In another story, ‘Covid-19 doesn’t see race, religion: Modi’, the paper refers to the PM’s message Sunday. “Modi’s comments come at a time when some sections of the society have sought to introduce a communal element in the discourse surrounding Covid-19 when the nation is still in the midst of the battle against the pandemic.”
Addressing professionals on LinkedIn, the prime minister explained that the future will be about togetherness and resilience as the world today is facing a common challenge.
Delhi is locked down but ‘Eateries, offices to open in some states’. “Hotels in Kerala, highway dhabas in Haryana, tea gardens in West Bengal and mining in Jharkhand will be among the establishments that will open for business from Monday as states across India partially lift curbs… The state governments are expecting 10 to 25% of the industries to start operations…” it adds.
An analysis by HT has found that ‘Silent spread fears grow as asymptomatic cases spike’. Its analysis finds that “65% of Maharashtra’s 3,648 cases and 75% of Uttar Pradesh’s 974 cases did not show symptoms at the time of testing. In Assam, 82% of 34 cases were of people with no symptoms”. In Delhi, Kejriwal said that “all 186 people diagnosed with Covid-19 the previous day had exhibited no symptoms of illness”.
And here’s very good news from Goa: it is now Covid-19 free. “Goa on Sunday became the first zero COVID-19 State in the country with the last seven positive cases also turning negative. It has had no case of coronavirus since April 3”.
In other news, “PM-CARES donations cut from govt. staff salaries”, reports Hindu. “Employees from a number of government departments and agencies have donated a day’s salary toward the PM-CARES fund. While the donations, meant for COVID-19 relief, were said to be ‘voluntary’, government circulars show that the deductions were made directly from salaries. Those unwilling to donate were asked to submit their refusal in writing.”

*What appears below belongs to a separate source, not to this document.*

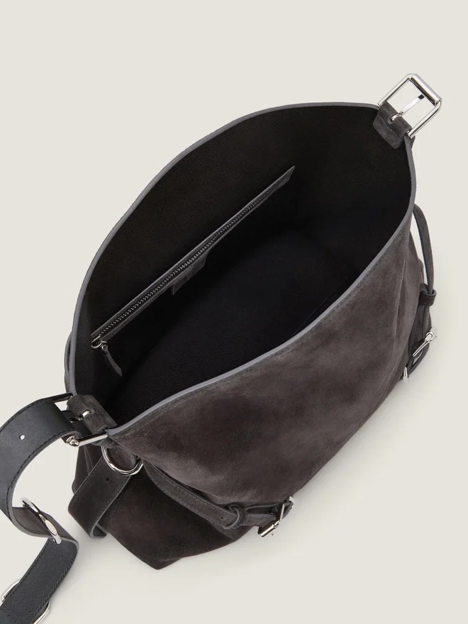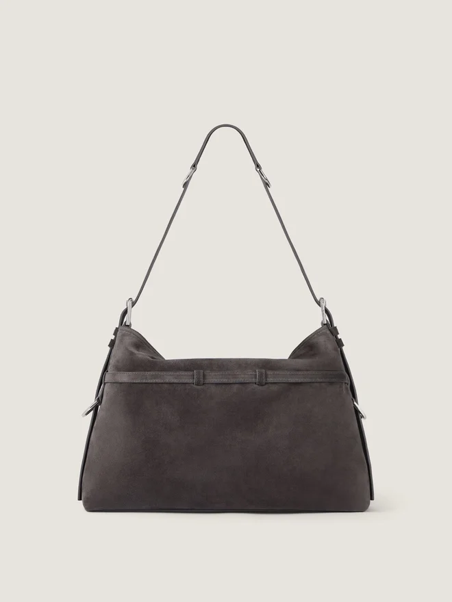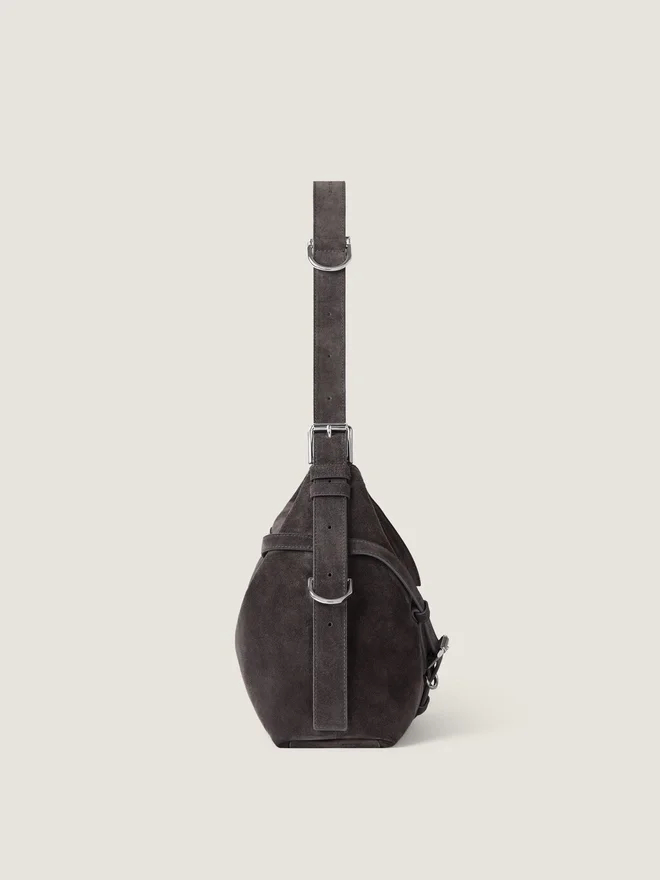 Medium Shoulder Bag in Suede Calfskin Leather. Voyou Line. V-Shaped Slouchy Silhouette and Generous Volume. Adjustable Shoulder

As education goes increasingly online, UN agencies raise the red flag on online classes. “Two UN agencies have warned against any large-scale shift towards online education, saying it would deepen socio-economic inequalities and warning that virtual platforms can leave children vulnerable to sexual exploitation. Unesco, the UN’s education arm, has released key recommendations from an independent Futures of Education Commission, which said: ‘It is an illusion to think that online learning is the way forward for all’”, reports the paper.
The paper also takes note of SEBI’s latest directive. In its anchor story ‘Sebi may scan Cayman, Singapore investment hubs for Chinese links’, it notes that Cayman Islands, Singapore, Ireland, and Luxembourg will be under the scanner as a lot of investments coming from China and Hong Kong into India “may be routed through these jurisdictions”.
In its second lead, BS notes that ‘RBI is likely to impose cap on reverse repo’ to ensure that liquidity translates into credit.
Like BS, Mint also notes that SEBI appears to have noted the growing international skepticism towards China. In “Sebi trains its lens on investments by China in Indian companies”, it notes that this is the Indian regulator’s “fourth such communications…seeking details of investments coming in from some Asian countries, particularly from China.” This comes against the backdrop of the Centre’s efforts to “restrict direct investments from China”, adds the report.
Despite playing a critical role amid the nationwide lockdown, e-commerce companies were delivered a significant blow after Centre backtracked on its promise to allow delivery of non-essentials. In ‘E-commerce firms hit hard as govt scraps permission for non-essentials;, the paper observes that “sales of larger ecommerce platforms have been down by almost 90%.”